Infrastructure as Code: Provisioning Secure Shopify Clusters on Google Cloud Using Terraform
Terraform Project Structure for Shopify on GCP
A robust Infrastructure as Code (IaC) strategy is paramount for deploying and managing complex, scalable, and secure environments like a multi-cluster Shopify deployment on Google Cloud Platform (GCP). We’ll leverage Terraform for this, organizing our project to promote reusability, maintainability, and clear separation of concerns. This structure is designed for a production-grade setup, encompassing networking, security, compute, and database resources.
Our root module will orchestrate the deployment of distinct environments (e.g., `dev`, `staging`, `prod`). Each environment will then be managed by its own set of Terraform modules, ensuring isolation and enabling granular control over resource provisioning.
Directory Layout
A common and effective directory structure for Terraform projects is as follows:
.(Root directory)main.tf: Root-level provider configurations and backend setup.variables.tf: Global input variables.outputs.tf: Global output values.README.md: Project overview and instructions.

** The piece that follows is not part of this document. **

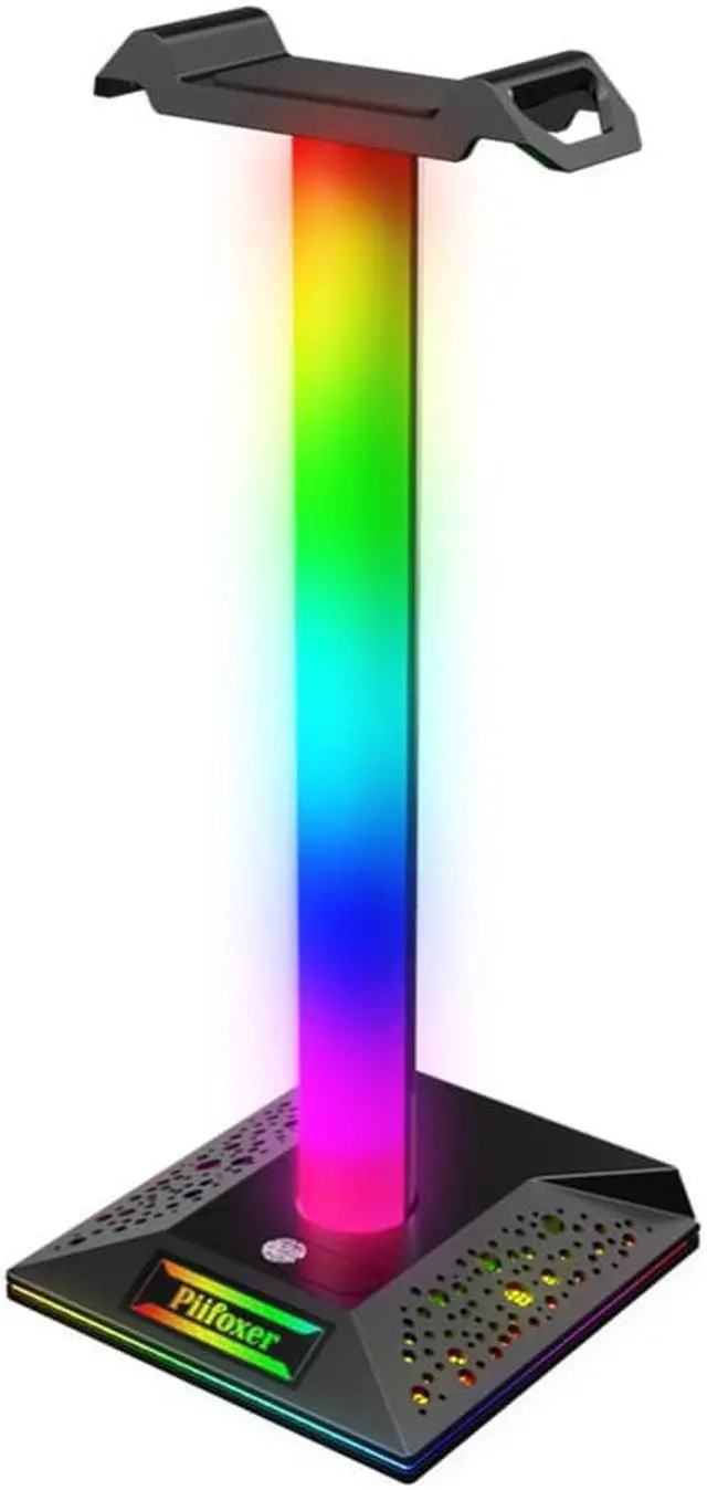 RGB Strip Light Desk Holder Dual USB Ports Plastic Desktop Display Holder with 3.5 mm Audio Touch Control Earphone Accessories

environments/dev/main.tf: Environment-specific resource definitions.variables.tf: Environment-specific input variables.outputs.tf: Environment-specific output values.backend.tf: Environment-specific Terraform state backend configuration.
staging/(Similar structure to `dev/`)prod/(Similar structure to `dev/`)
modules/gcp-network/main.tf: VPC, subnets, firewall rules.variables.tf: Network configuration variables.outputs.tf: Network output values.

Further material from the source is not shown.